Among the records below, find the line that has "6. Masukkan No."; from there, give the lines again exactly, and stop after the line that has "Calendar on sale".

§ **DATA FOR REVIEW**
((

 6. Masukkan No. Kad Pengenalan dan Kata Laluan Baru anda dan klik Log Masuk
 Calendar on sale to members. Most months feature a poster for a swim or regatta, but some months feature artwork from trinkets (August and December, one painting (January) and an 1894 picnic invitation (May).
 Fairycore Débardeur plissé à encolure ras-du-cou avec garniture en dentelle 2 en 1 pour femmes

))
((

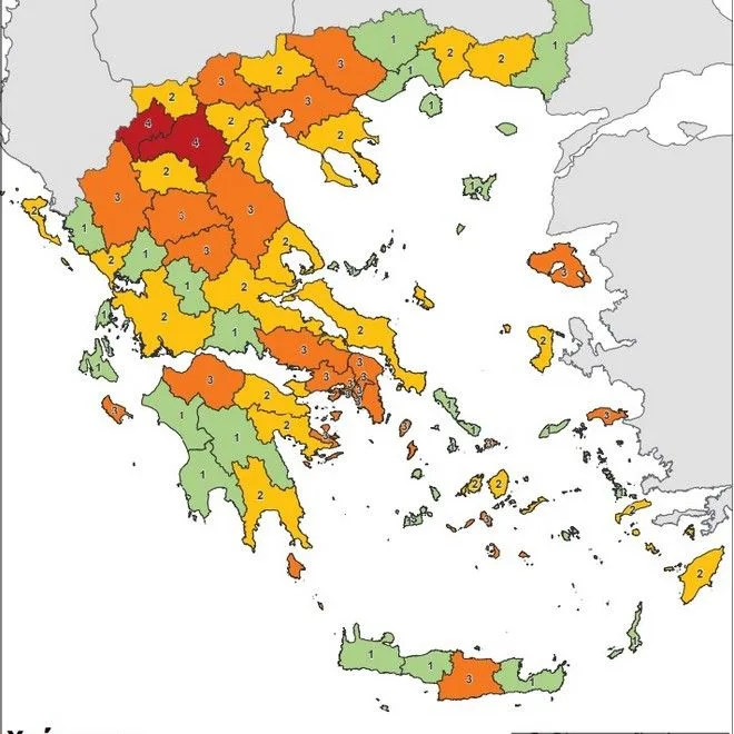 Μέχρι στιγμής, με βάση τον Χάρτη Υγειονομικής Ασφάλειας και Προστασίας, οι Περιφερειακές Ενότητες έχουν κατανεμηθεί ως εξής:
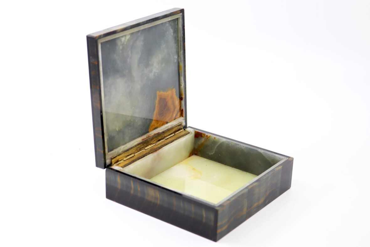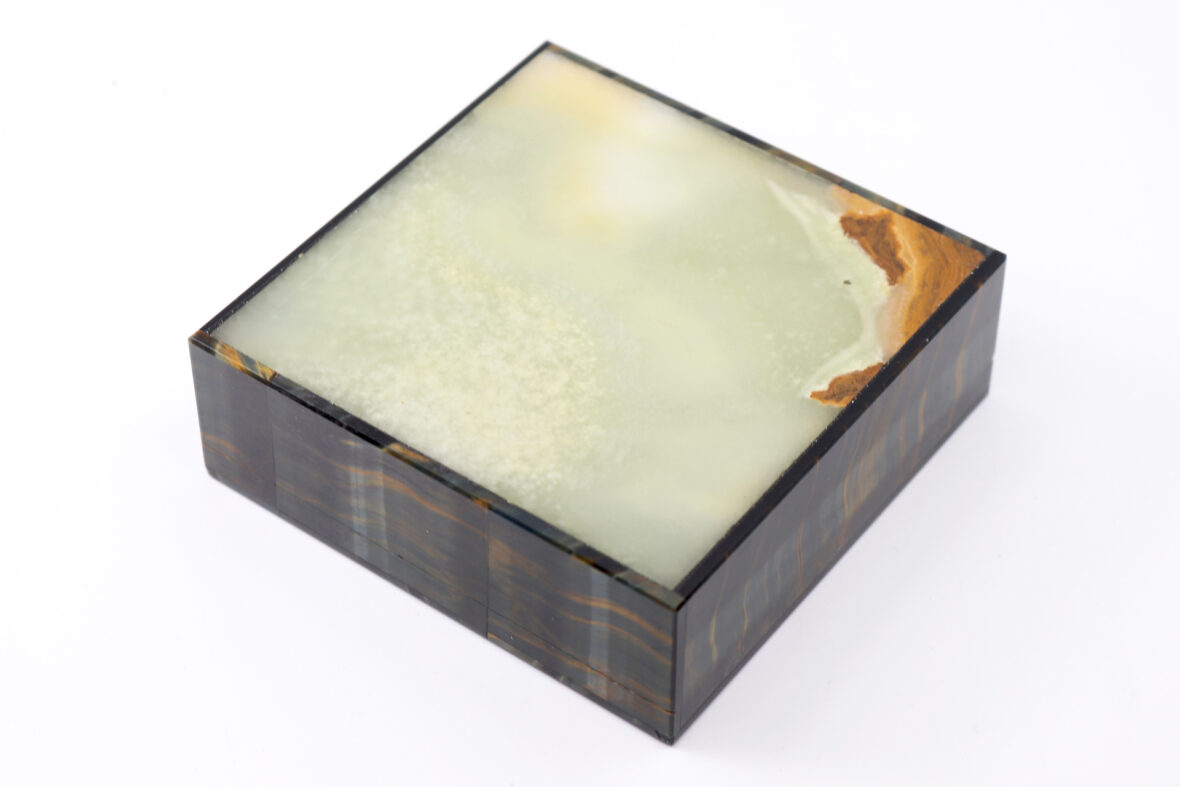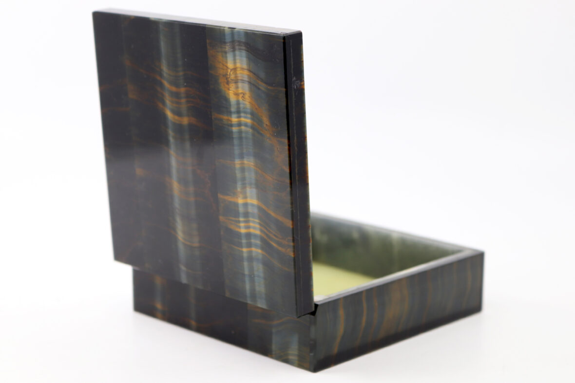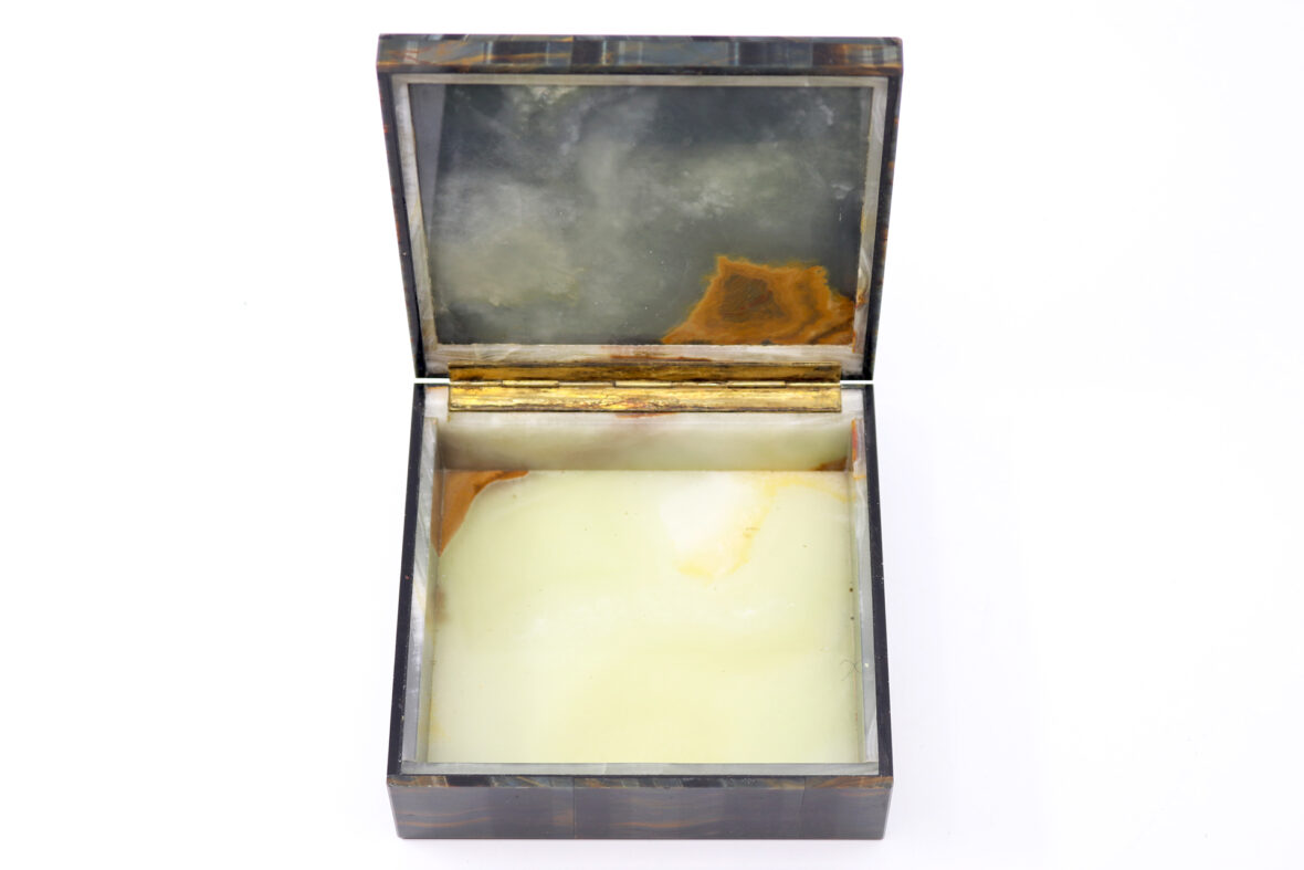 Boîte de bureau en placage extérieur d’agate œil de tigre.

))

§ **OUTPUT FOR THIS EXERCISE**
 6. Masukkan No. Kad Pengenalan dan Kata Laluan Baru anda dan klik Log Masuk
 Calendar on sale to members. Most months feature a poster for a swim or regatta, but some months feature artwork from trinkets (August and December, one painting (January) and an 1894 picnic invitation (May).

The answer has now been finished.